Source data
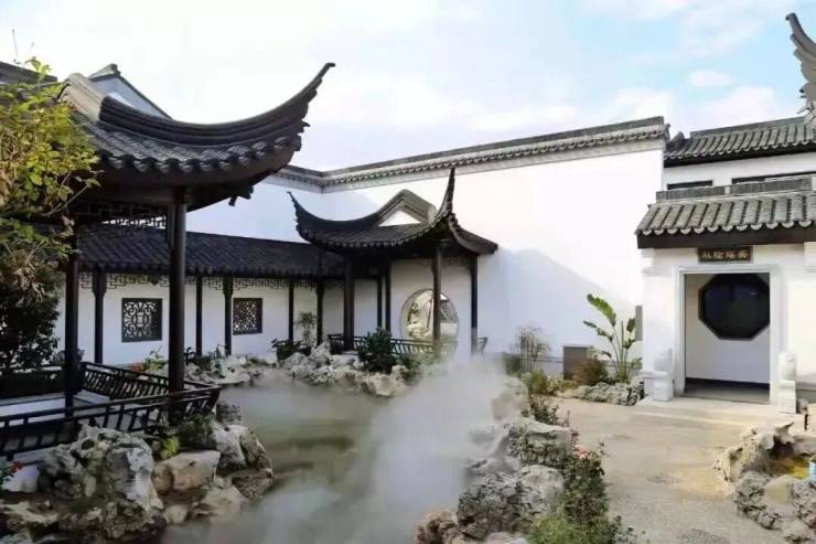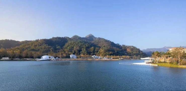 优美的山水田园画卷以及结合自然环境、人文景观等打造的新岭南建筑文化风貌,春沐·禾悦庄建筑风格在客家建筑、广府建筑、潮汕建筑文化基础上,采岭南园林江南园林等风格之长,形成了独具一格的新岭南建筑风格,湖泊,河流点缀其中,远山青烟袅袅。
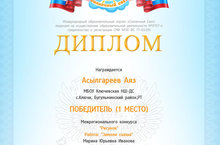 Воспитанник Ключевской НШ-ДС Асылгареев Аяз участвовал в Межрегиональном конкурсе "Рисунок" в номинации "Зимняя сказка", стал победителем и награжден Дипломом. Молодец, поздравляем!
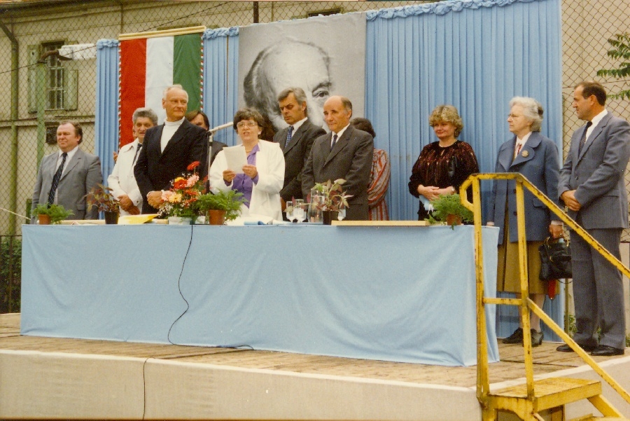 Az emelvényen jobbról: Novák István a Pest megyei művelődési osztály vezetője, Szőnyi Erzsébet zeneszerző és zeneakadémiai tanár, Tóth Istvánné a helyi Művelődési Osztály vezetője, Daróczi Bárdos Tamás tanár és zeneszerző (elsőszülött fiú), Varga Lajos a Járműjavító Üzem igazgatója, Nagy Sándorné megyei kulturális referens, Szakáll Lászlóné igazgató, Lukin László a Bárdos Társaság elnöke, Villási László városi tanácselnök.
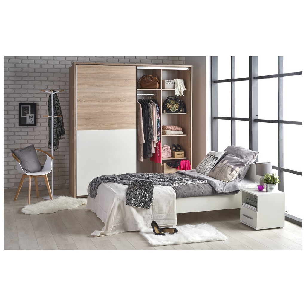 Jeho konštrukcia je vyrobená z laminovaných dosiek opatrených ABS hranou. Dodávame ho v 3 farebných prevedeniach – v čisto bielom lesku, dubu sonoma a v kombinácii bieleho lesku s dubom sonoma.
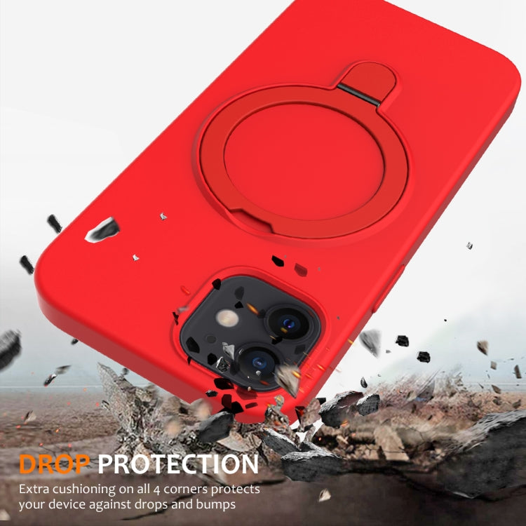For iPhone 12 Liquid Silicone MagSafe Magnetic Phone Case with Ring Holder(Red)

* _Task prompt_: Exclude the images and output the lines above exactly.

* _Written answer_:
 优美的山水田园画卷以及结合自然环境、人文景观等打造的新岭南建筑文化风貌,春沐·禾悦庄建筑风格在客家建筑、广府建筑、潮汕建筑文化基础上,采岭南园林江南园林等风格之长,形成了独具一格的新岭南建筑风格,湖泊,河流点缀其中,远山青烟袅袅。
 Воспитанник Ключевской НШ-ДС Асылгареев Аяз участвовал в Межрегиональном конкурсе "Рисунок" в номинации "Зимняя сказка", стал победителем и награжден Дипломом. Молодец, поздравляем!
 Az emelvényen jobbról: Novák István a Pest megyei művelődési osztály vezetője, Szőnyi Erzsébet zeneszerző és zeneakadémiai tanár, Tóth Istvánné a helyi Művelődési Osztály vezetője, Daróczi Bárdos Tamás tanár és zeneszerző (elsőszülött fiú), Varga Lajos a Járműjavító Üzem igazgatója, Nagy Sándorné megyei kulturális referens, Szakáll Lászlóné igazgató, Lukin László a Bárdos Társaság elnöke, Villási László városi tanácselnök.
 Jeho konštrukcia je vyrobená z laminovaných dosiek opatrených ABS hranou. Dodávame ho v 3 farebných prevedeniach – v čisto bielom lesku, dubu sonoma a v kombinácii bieleho lesku s dubom sonoma.
For iPhone 12 Liquid Silicone MagSafe Magnetic Phone Case with Ring Holder(Red)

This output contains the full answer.